Scientific Area
Abstract Detail
Nº613/1745 - How to achieve a selenium-rich lifestyle in the barren Australian outback
Format: ORAL
Authors
Jeroen van der Woude1, Maggie-Anne Harvey1,2 and Antony van der Ent1,2,3
Affiliations
1 Laboratory of Genetics, Wageningen University and Research, Wageningen, The Netherlands,
2 Centre for Mined Land Rehabilitation, Sustainable Minerals Institute, The University of Queensland, Brisbane, Queensland, Australia,
3 Université de Lorraine, INRAE, LSE, F-54000 Nancy, France
Abstract
Selenium (Se) is formed in supernovae and is a rare component in most soils. Nevertheless, many organisms including Homo sapiens need selenium to produce selenocysteine (SeCys), also referred to as the 21st amino acid, required for synthesis of so-called selenoproteins. In contrast, land-plants lost the need for selenium, likely due to a decreased bioavailability of Se over the last couple of million years. Interestingly, some plants have developed a selenophile lifestyle regardless, growing on selenium-rich soil toxic to most plants. Some of these plants such as Neptunia amplexicaulis hyperaccumulate selenium up to 1.3% of their dry mass. These high tissue Se levels normally cause severe oxidative stress and dysfunctional proteins due to inadvertent incorporation of SeCys en lieu of cysteine. The latter is caused by the chemical similarity of selenium to sulfur, leading to the production of various organic selenium compounds through the sulfur transport- and assimilation pathway, including SeCys and Selenomethionine.
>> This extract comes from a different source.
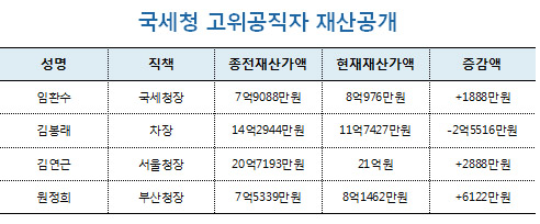 ±è¿¬±Ù ¼¿ïÁö¹æ±¹¼¼Ã»ÀåÀº ¹®ÁßÀç»êÀ» »ó¼Ó¹Þ¾Æ Àç»êÀÌ ´Ã¾úÁö¸¸ ÀÓȯ¼ö ±¹¼¼Ã»ÀåÀº º»ÀÎÀÌ ¼ÒÀ¯ÇÑ ¾ÆÆÄÆ®ÀÇ °¡°ÝÀÌ ¶³¾îÁö´Â ¾ÆÇÄ(?)À» °Þ¾ú´Ù. Á¤ºÎ°øÁ÷ÀÚÀ±¸®À§¿øÈ¸°¡ 26ÀÏ ¹ßÇ¥ÇÑ '2015³âµµ Á¤±â Àç»êº¯µ¿»çÇ× ½Å°í³»¿ª'¿¡ µû¸£¸é ÀÓ ±¹¼¼Ã»ÀåÀº º»ÀÎ ¼ÒÀ¯ÀÇ ¾ÆÆÄÆ®°¡ °¡¾×ÀÌ ¶³¾îÁ³Áö¸¸ ¿ù±ÞÀ» Â÷°îÂ÷°î ¸ð¾Æ Àü³âº¸´Ù 1888¸¸¿ø ´Ã¾î³ 8¾ï976¸¸¿øÀÇ Àç»êÀ» ½Å°íÇß´Ù. ÀÓ ±¹¼¼Ã»ÀåÀÇ Àç»êÀº ´Ù¸¥ °íÀ§Á÷º¸´Ù´Â ´ÜÃÍÇÑ ÆíÀ̾ú´Ù. º»ÀÎ ¼ÒÀ¯ ¾ÆÆÄÆ® 1ä¿Í ¹è¿ìÀÚ ¸íÀÇ·Î µÈ 2010³â½Ä ¶ó¼¼Æ¼(122¸¸¿ø), 2014³â½Ä ¾ËÆä¿Â(3038¸¸¿ø) µî Â÷·® 2´ë, ¿¹±Ý(1¾ï7154¸¸¿ø)ÀÌ ÀüºÎ¿´´Ù. ÀÓ ±¹¼¼Ã»ÀåÀÌ ¼ÒÀ¯ÇÑ ¼¿ï °³² ´ëÄ¡µ¿ÀÇ ¾ÆÆÄÆ®´Â ±âÁ¸ 6¾ï1100¸¸¿øÀ̾úÁö¸¸ À̹ø Àç»ê½Å°í ¶§ 5¾ï9900¸¸¿øÀ¸·Î °¡¾×ÀÌ 1200¸¸¿ø Ç϶ôÇß´Ù. ¹Ý¸é º»ÀÎ ¼ÒÀ¯ÀÇ ¿¹±ÝÀº 1600¸¸¿øÀÌ Áõ°¡, ÀÓ ±¹¼¼Ã»ÀåÀº ¿ù±ÞÀ» ²ÙÁØÈ÷ ¸ð¾Æ ¿¹±ÝÀÌ ´Ã¾î³µ´Ù°í ¼³¸íÇß´Ù. ´Ù¸¸ ¹è¿ìÀÚ ¼ÒÀ¯ÀÇ ¿¹±ÝÀº 1400¸¸¿ø °¨¼ÒÇß´Ù. ±èºÀ·¡ ±¹¼¼Ã» Â÷ÀåÀÇ Àç»êÀº 11¾ï7427¸¸¿øÀ¸·Î ÀÓ ±¹¼¼Ã»À庸´Ù 2¾ï7000¸¸¿ø ¸¹¾ÒÁö¸¸ ÃÖ±Ù °áÈ¥ÇÑ Àå³²ÀÌ µ¶¸³À» ÇÏ¸é¼ 2¾ï5516¸¸¿øÀÇ Àç»êÀÌ °¨¼ÒÇß´Ù. ±è Â÷ÀåÀº ¼¿ï °µ¿±¸¿¡ ¾ÆÆÄÆ® 3¾ï1600¸¸¿øÀ» º»ÀÎ ¸íÀÇ·Î ¼ÒÀ¯Çϰí ÀÖÀ¸¸ç ¹è¿ìÀÚ ¸íÀÇ·Î ¼¿ï ¼ÛÆÄ±¸¿¡ ¾ÆÆÄÆ® Àü¼¼ÀÓÂ÷±Ç 6¾ï3000¸¸¿øÀ» ¼ÒÀ¯Çϰí ÀÖ¾ú´Ù. Â÷¼¼´ë ±¹¼¼ÇàÁ¤½Ã½ºÅÛ(TIS) ±¸Ãà ÀÛ¾÷À» ÇÑ »ï¼ºSDSÀÇ ÁÖ½Ä 800ÁÖ(2¾ï3280¸¸¿ø)¸¦ ¹è¿ìÀÚ ¸íÀÇ·Î °®°í ÀÖ¾ú´Ù°¡ Àü·® ¸ÅµµÇÑ Á¡µµ ´«¿¡ ¶ç¾ú´Ù. ±è ¼¿ïûÀåÀº ¹®ÁßÀç»êÀ» Æ÷ÇÔÇÑ °æºÏ »óÁÖÀÇ Àü´ä µîÀ» »ó¼Ó¹ÞÀ¸¸é¼ ÃÑ 21¾ï82¸¸¿øÀ» ½Å°íÇß´Ù. Àü³âº¸´Ù 2888¸¸¿øÀÌ Áõ°¡Çß´Ù. ±è ¼¿ïûÀåÀº Àü´äÀ» »ó¼Ó¹Þ¾Æ ÅäÁöÀç»ê¸¸ 1¾ï3391¸¸¿øÀÌ Áõ°¡ÇßÁö¸¸ °¡Áö°í ÀÖ´ø ÁÖ½Ä µîÀ» ȯ¸ÅÇØ 1¾ï4300¸¸¿øÀÇ Àç»êÀÌ °¨¼ÒÇß´Ù. »ýȰºñ µîÀ¸·Î º»Àΰú ¹è¿ìÀÚ ¼ÒÀ¯ÀÇ ¿¹±ÝÀ» 2¾ï6000¸¸¿øÀ̳ª »ç¿ëÇßÁö¸¸ °á°úÀûÀ¸·Î ¹è¿ìÀÚ°¡ ¼ÒÀ¯ÇÑ ¿¹±ÝÀÌ 2¾ï6000¸¸¿ø ´Ã¾î³ª¸é¼ ¸¶À̳ʽº´Â ¸éÇß´Ù. ±è ¼¿ïûÀåÀº º»Àΰú ¹è¿ìÀÚÀÇ ±Þ¿©¸¦ ¸ðÀº °ÍÀ̶ó°í ¼³¸íÇß´Ù. ¿øÁ¤Èñ ºÎ»êûÀåÀÇ Àç»êÀº Àü³âº¸´Ù 6122¸¸¿ø ´Ã¾î³ 8¾ï1462¸¸¿øÀ» ½Å°íÇß´Ù. Àå³²°ú Àå³à°¡ º¸À¯ÇÑ ¿¹±Ý°ú ÆÝµåÆò°¡¾× µîÀÌ Áõ°¡ÇÏ¸é¼ Àç»êÀÌ ´Ã¾î³µ´Ù. ÇÑÆí Áö³ÇØ ¸» Àλç·Î À̵¿ÇÑ ±èÀç¿õ ÁߺÎûÀå, ±èÇüÁß ´ëÀüûÀå, ½Å¼ö¿ø ±¤ÁÖûÀå, ³²µ¿±¹ ´ë±¸Ã»ÀåÀº À̹ø Á¤±â Àç»ê°ø°³ ¸í´Ü¿¡ Æ÷ÇÔµÇÁö ¾Ê¾Ò´Ù. |

However, in the dry and saline Australian outback, Neptunia amplexicaulis manages to grow well on toxic soil and accumulate extreme concentrations of selenium in the plant tissue. Its sister-species Neptunia heliophile has also developed an increased tolerance to selenium, but rather excludes Se from its tissue instead of accumulating it. Our work aims to determine what mechanisms are necessary for the extreme lifestyles of N. amplexicaulis and N. heliophila and especially how to accumulate and tolerate high tissue selenium levels. This investigation involves the analysis of recently sequenced genomes of N. amplexicaulis and N. gracilis as well as full-length transcriptomics. Furthermore, this work involves the development of transformation protocols for N. amplexicaulis to get direct evidence of gene involvement in Se hyperaccumulation. The research outcomes could help improve crop Se content and thereby ameliorate the currently widespread Se-deficiency in various human populations.